Fabric Architecture Materials 101
Tensile fabric structures allow designers and architects to create wholly novel forms that either stand iconically in their own right, or augment an existing building by refreshing a tired façade. If you’re planning a fabric structure, what do you need to know? Here is an overview of the kinds of fabrics you could use.
For outdoor tensile structures, the two main options are PTFE-coated glass cloth and PVC-coated polyester cloth. Both of these fabrics are protected and stabilised by impermeable coatings, as opposed to the mesh-type coatings used for indoor fabric structures.
PTFE/glass fabric consists of two components: PTFE, better known as Teflon, and fibreglass. Both of these components are totally inert, making PTFE-coated glass fabric the obvious choice for permanent outdoor constructions intended to last more than 15 years. A fabric membrane of this variety could last for up to 25 or 30 years.

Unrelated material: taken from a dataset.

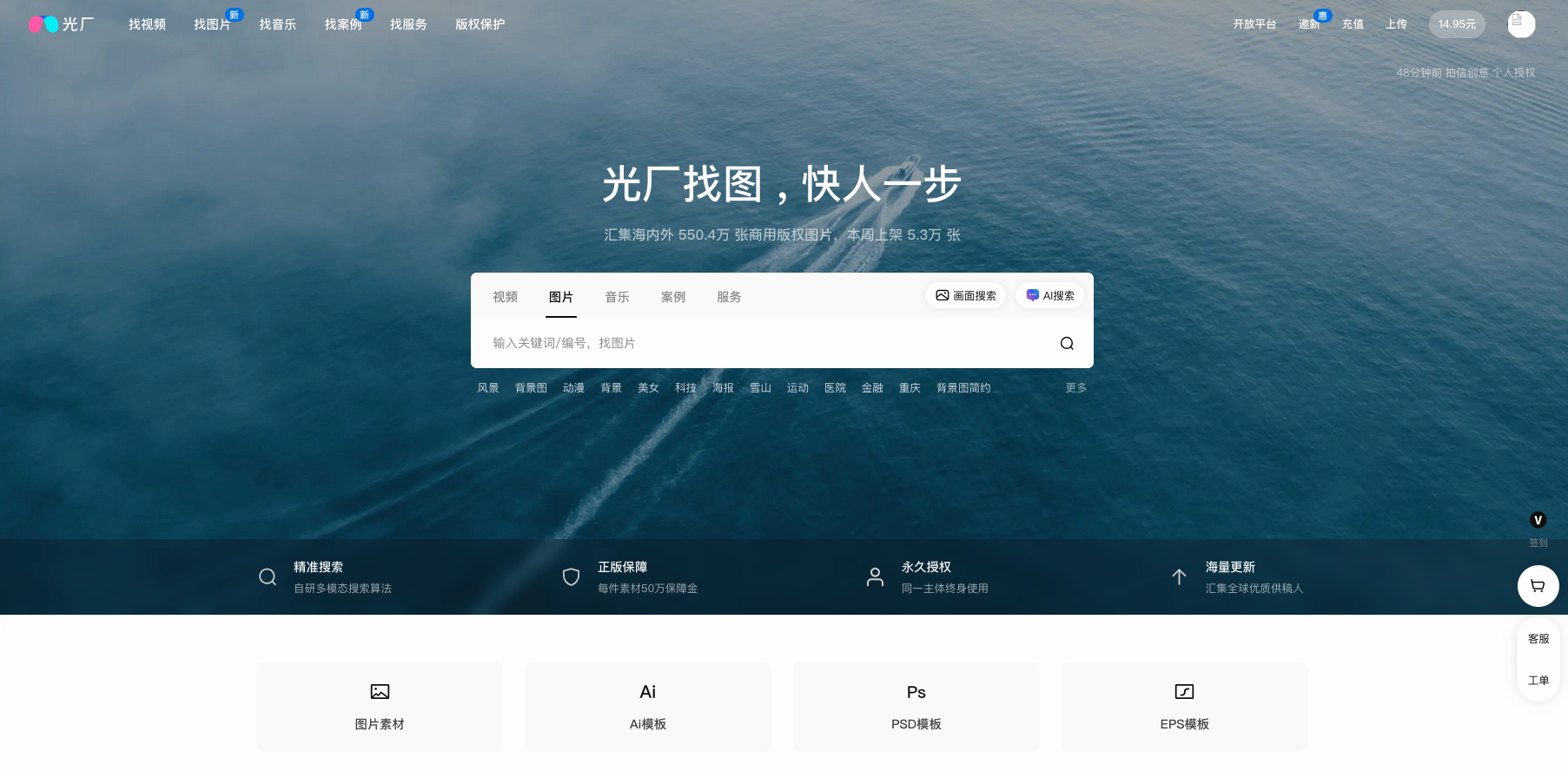 1. 光厂(f.vjshi.com):国内AI图片素材的“全能选手”网站背景与资源库:光厂(作为国内领先的数字创意平台,已汇聚超545万张商用版权图片,其中AI生成图片占比超30%,每周新增3.4万张。其资源库覆盖“天空”“城市”“科技”“自然”等热门分类,更支持AI搜索功能——输入“赛博朋克风格咖啡馆”,3秒内即可获取多组4K画质素材。
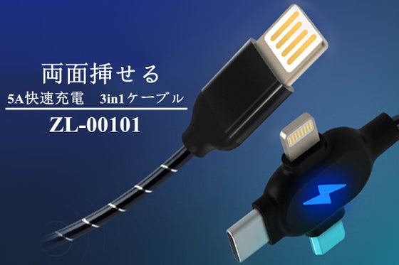 ・USB-Aはリバーシブル設計で両面挿し可能・急速充電とデータ転送を同時に実行可能・Micro USB、Lightning、type-C、3ポートを搭載、幅広い...

Teflon cannot be coloured, however.
The second option, polyester cloth coated in PVC, cannot boast such an extensive service life but is more versatile in many respects. Useful performance-enhancing additives such as fire retardants, dyes, anti-fungal treatments and UV stabilisers are usually included as standard.

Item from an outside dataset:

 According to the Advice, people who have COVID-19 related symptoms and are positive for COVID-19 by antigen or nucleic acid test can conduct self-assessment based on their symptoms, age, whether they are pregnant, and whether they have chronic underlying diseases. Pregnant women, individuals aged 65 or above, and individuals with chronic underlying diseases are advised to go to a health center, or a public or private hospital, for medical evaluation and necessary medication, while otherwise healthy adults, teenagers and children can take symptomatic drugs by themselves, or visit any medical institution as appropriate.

PVC contains plasticisers which rise to the surface of the coating over 10 to 15 years, making the finish much more difficult to clean. However, optional PVDF lacquers protect against this and can boost the service life of PVC/polyester fabric to as much as 20 years.
Mesh fabrics are manufactured differently to coated varieties. Instead of simply covering the entire cloth in the coating, the thread is individually coated before manufacture. This results in a highly durable, yet breathable and permeable fabric, ideal for use indoors. You could look at companies such as spatial structures for a selection of building designs. For such uses, you can choose from a wide variety of fabrics. including in the design of Tensile Fabric Structures
PVC-coated fibreglass mesh is particularly durable and well-suited as a sunshade or theatre gauze. Silicon-coated fibreglass mesh is recommended for its low toxicity and high fire resistance, but is notorious for attracting dust and dirt.
Cotton is the most economical cloth option and is breathable, natural and available in a huge range of colours. However, cotton stains easily and provides a very short service life due it its tendency to shrink, so should only be used for a short-term installation.